The laughing one….third from left. My grandfather is on her left. Others unknown.

 

My mother used to tell me stories about how she thought Dad was Nana’s favourite child (she’d had four) as she had always given Mum a particularly hard, sometimes verbally brutal, time. But when I saw her smiling face in those photographs it made me think hard about how we interpret, absorb, reflect on, and form beliefs around hazy memories, colours, smells, family stories and all the other little inputs into our lives. I felt like I owed Nana an apology, for believing she was a difficult, unfriendly individual. But of course, I hadn’t had the opportunity to get to know, or indeed understand, her.

Her name was Rose.

One of her old photographs really struck me. She was sitting on a beach, holding her first born, one of my uncles. She looked so young – exactly like my cousin. Everything seemed to evolve out of that photograph. Responses in paint and textiles followed from there.

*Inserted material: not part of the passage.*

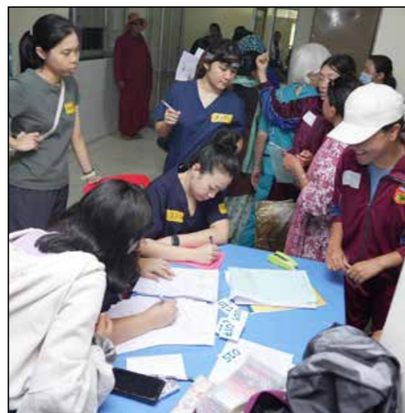
A charitable medical camp for screening of cervical cancer was organised by Ladakh Autonomous Hill Development Council (LAHDC) in collaboration with Himalayan Women's health project and Mahabodhi Hospital at Mahabodhi hospitals Saboo Dho. More than 300 female patients were screened.

I’m drawn to the mystery of the obscured image and what may lie within. Photographic imagery on sheer silk make the picture harder to read – like a secret – getting glimpses, guessing the story. The inclusion of fabrics represents a connection to human beings: combining cloth that reminded me of female relatives, or that emphasised something in the image formally, giving warmth, texture, and dimension to the works.

 

Naturally, Nana’s namesake – the rose – became important during the evolution of the works. In subtle and not so subtle ways.

 

This exhibition stems from the fleeting character of the photographic image, blending imprecise recollection with perceived truths. Our response to experiences and stories, and how we recall them, become the structure we build our lives around. The title Invisible Structures refers to these foundational beliefs; the works themselves: the subjective nature of memory.

Aside from my paternal grandmother/Nana/Rose, the exhibition also references my maternal grandmother/Grandma/Ailsa Lavinia. Her influences were considerable, even though Mum’s family lived interstate and we saw them infrequently. I suppose that just illustrates the wonkiness of recall and the power of the conditioning we grow up with.

 

Original photograph of Lavinia, c. 1908

 

Lavinia’s references are more of a particular landscape – one I will always associate her with.

 

The works on show blend the inherent associations of textiles with the intimacy of the body, the ostensible objectivity of the photographic image, found materials, and the expressive gestures of paint, and allude to the reality of human coping mechanisms – what we choose to believe and the inaccuracies we live with. While my particular focus is toward the female lineage within my own family, the exhibition contemplates interpretations of the past, while encouraging viewers to consider their own personal histories, how we establish truth and create meaning, and how these (mis)interpretations might inform our perceptions of, and in, the future.

I hope you can visit the exhibition.